The manual MC values of all pathologists had high variation, consistent with counts derived from low to high mitotically active areas of the ground truth MC distribution. However, this high variability rarely affected the prognostication based on current cutoff values. The upper quartile of the MC distribution (ie, the MC in the mitotically most active tumor regions) was reached in only half of the cases; that is, pathologists’ manual counts tended to underestimate the highest MC based on the ground truth data. For group 3 with the highest range of MCs, this was only true for one-third of the manual MCs with a 95% confidence interval that still included 25% (random chance). In addition, agreement of the 11 pathologists on the highest manual MCs was smaller for this group (group 3) in comparison to the overall agreement. Both findings indicate the difficulty in accurately and reproducibly performing the MC in cases with a high range of MCs and a potential large size of the histologic section.
Results of the present study prove that manual MCs often do not represent the most mitotically active tumor regions and suggest that area selection likely has a significant influence on the MC. In addition, the high degree of variability of the MC could also be affected by the degree of interobserver variation in identifying mitotic figures. Such variation has been estimated to range from 6.9% to 54.5% by previous studies, while the present study had a disagreement of 17%. 23,27,44 Regardless, our study demonstrated that accurate and reproducible quantification of the most mitotically active region is hampered by marked interobserver variation in digital slides.
A limitation of the present study is that disease-free intervals and survival times were not available.

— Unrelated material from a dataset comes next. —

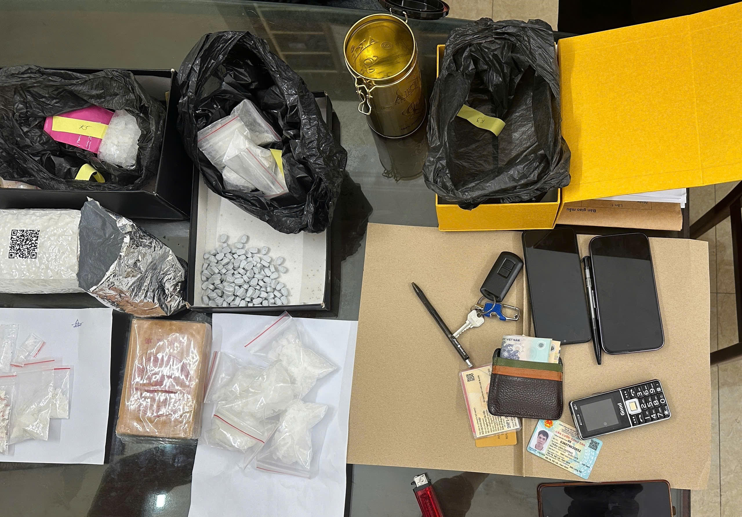Quá trình bắt và khám xét, lực lượng Công an thu giữ 1,4kg heroin, 2kg ketamine, 1 kg ma túy đá, 500 viên ma túy tổng hợp, 100 viên hồng phiến, 5 điện thoại di động cùng một số vật chứng khác có liên quan.

Therefore, the direct influence of variable area selection and MCs on tumor prognosis could not be determined. However, it is the current scientific consensus that the most mitotically active region (and not the region with mean mitotic activity) correlates best with prognosis. 26 Due to the moderate sensitivity of the current method in finding the most mitotically active area, the extent of correlation of the MC with disease outcome may have potentially been underestimated in previous studies. Further studies with large case numbers are required to verify whether the highest MC correlates best with clinical outcome.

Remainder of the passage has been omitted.